● EXERCISE DATA:
★ ★ ★ ★ ★

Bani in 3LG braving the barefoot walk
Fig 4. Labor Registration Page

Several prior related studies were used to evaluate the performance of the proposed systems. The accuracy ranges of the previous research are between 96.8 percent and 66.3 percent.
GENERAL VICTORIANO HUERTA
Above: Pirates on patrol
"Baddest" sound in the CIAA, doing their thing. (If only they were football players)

★ ★ ★ ★ ★

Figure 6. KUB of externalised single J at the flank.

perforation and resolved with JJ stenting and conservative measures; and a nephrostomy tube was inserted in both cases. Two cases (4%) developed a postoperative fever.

★ ★ ★ ★ ★

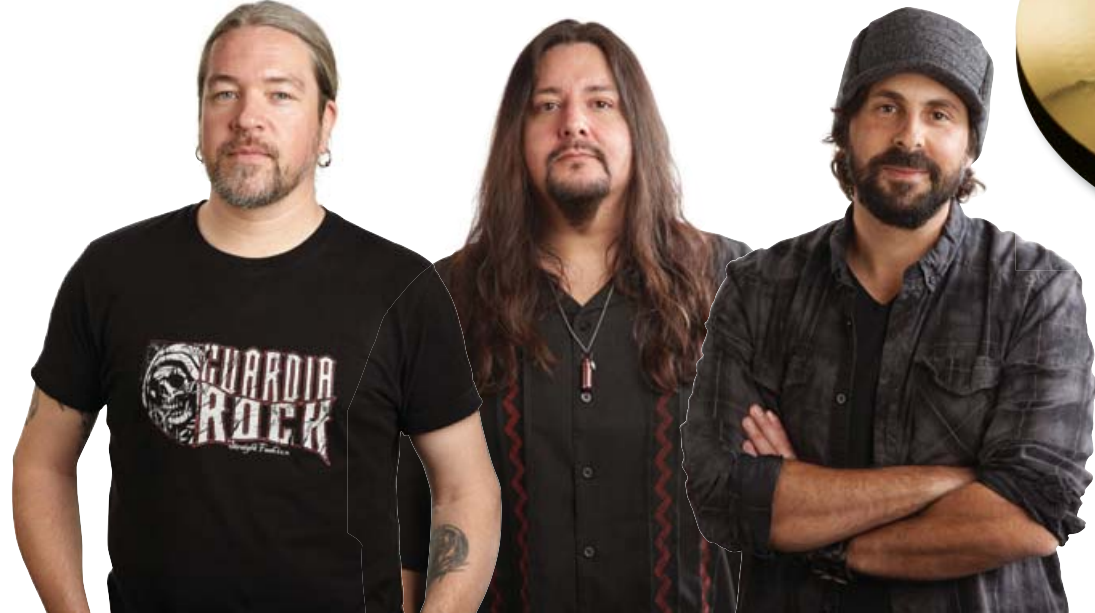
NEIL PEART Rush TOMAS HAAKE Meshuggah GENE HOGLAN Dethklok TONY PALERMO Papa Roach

★ ★ ★ ★ ★

● AIM OF THE TASK:
Your answer should be the exact lines above from the one with "Several prior related" through the one with "were football players)", both included, and nothing besides.

● ANSWER SPACE:
Several prior related studies were used to evaluate the performance of the proposed systems. The accuracy ranges of the previous research are between 96.8 percent and 66.3 percent.
GENERAL VICTORIANO HUERTA
Above: Pirates on patrol
"Baddest" sound in the CIAA, doing their thing. (If only they were football players)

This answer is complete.